Un uso scorretto e prolungato della pratica isolata è un segnale di cattivo coaching e può influire negativamente sulla crescita dell’atleta nel lungo termine.
Dalla scomposizione alla semplificazione del compito
Gli approcci basati sulla rappresentazione cercano di aumentare la complessità dell’allenamento per renderlo più simile alla partita, ma sempre attraverso la scomposizione (cioè suddividendo la tecnica in parti più semplici).
Al contrario, l’approccio CLA (Constraints-Led Approach) suggerisce di mantenere ambienti di allenamento rappresentativi fin dalle prime fasi, ma semplificando il compito anziché scomporlo.
Ad esempio, si può proporre un esercizio in una situazione di gioco semplificata, come un 3 contro 2, in cui si riducono i giocatori sul campo per alleggerire gli aspetti percettivi e decisionali, pur mantenendo il contesto “simile alla partita”.
Questo tipo di semplificazione aiuta a mantenere il legame percezione-azione e a sviluppare la capacità di riconoscere e sfruttare le opportunità di gioco (le cosiddette affordances), come capire quando passare in uno spazio che si apre tra i difensori.
Simulare fonti di informazione critiche per sviluppare connessioni con l’ambiente di gioco
Gli approcci rappresentazionali tradizionali tendono a lavorare separatamente sulle abilità tecniche e sulle capacità percettivo-cognitive (come il decision-making).
Ad esempio, si possono usare video o simulazioni per allenare la lettura delle situazioni di gioco, prima di integrare queste abilità con il gesto tecnico. Questo perché l’attenzione del giocatore è limitata e, nelle prime fasi, è difficile sviluppare contemporaneamente tecnica e tattica senza sovraccaricare il sistema cognitivo.
Il CLA riconosce l’utilità di queste strategie, ma le usa meno spesso, preferendo invece sviluppare tecnica, tattica e decision-making insieme, simulando situazioni di gioco realistiche.
Questo permette agli atleti di avere più opportunità di allenarsi a riconoscere le informazioni rilevanti in campo (posizione del difensore, possibilità di passaggio) e di agire di conseguenza.
Indipendentemente dall’approccio, è importante considerare la fase di apprendimento dell’atleta:
- Approccio rappresentazionale: fasi cognitiva, associativa e autonoma.
- CLA: fasi di coordinazione, controllo e ottimizzazione delle abilità.
Entrambi mirano a raggiungere intensità di allenamento rappresentative del gioco reale.
Tuttavia, per atleti con livelli di abilità più bassi, giocare a intensità paragonabili a quelle di partita potrebbe non essere possibile senza compromettere la qualità tecnica.
In questi casi, sia l’approccio rappresentazionale che il CLA suggeriscono di abbassare l’intensità di gioco per favorire l’apprendimento tecnico.

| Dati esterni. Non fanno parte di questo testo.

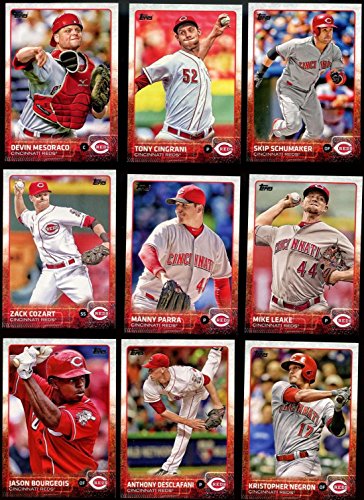 This is a Cincinnati Reds 2015 Topps Baseball Regular Issue complete mint 23 card team set; it was never issued in factory form. All Reds Cards from series #1 and #2 including Jay Bruce, Joey Votto, Johnny Cueto, Jason Bourgeois, Mike Leake, Anthony Desclafani, Raisel Iglesias, Brennan Boesch, Brayan Pena, Homer Bailey, Kristopher Negron, Yorman Rodriguez, Skip Schumaker, Manny Parra, Billy Hamilton, Zack Cozart, Aroldis Chapman, Brandon Phillips, Tony Cingrani, Daniel Corcino, Devin Mesoraco, Todd Frazier and a 2014 Reds Team Standings Card.

La differenza è che i primi usano la scomposizione del compito, mentre il CLA preferisce la semplificazione.
Conclusione
La letteratura mostra che sia gli approcci tradizionali che il CLA hanno punti di forza e debolezze.
Gli allenatori devono quindi valutare caso per caso quale metodo sia più adatto, considerando:
- Le caratteristiche dell’atleta.
- Gli obiettivi di apprendimento della sessione o del programma.
Il processo decisionale dell’allenatore deve essere personalizzato per ogni atleta e per i risultati desiderati.
Entrambi gli approcci producono risultati diversi in termini di apprendimento e prestazione, e conoscerli aiuta gli allenatori esperti a scegliere l’approccio più efficace in base alla situazione.
Il compito dell’allenatore è capire qual è il metodo più adatto per la fase di sviluppo e le esigenze dell’atleta.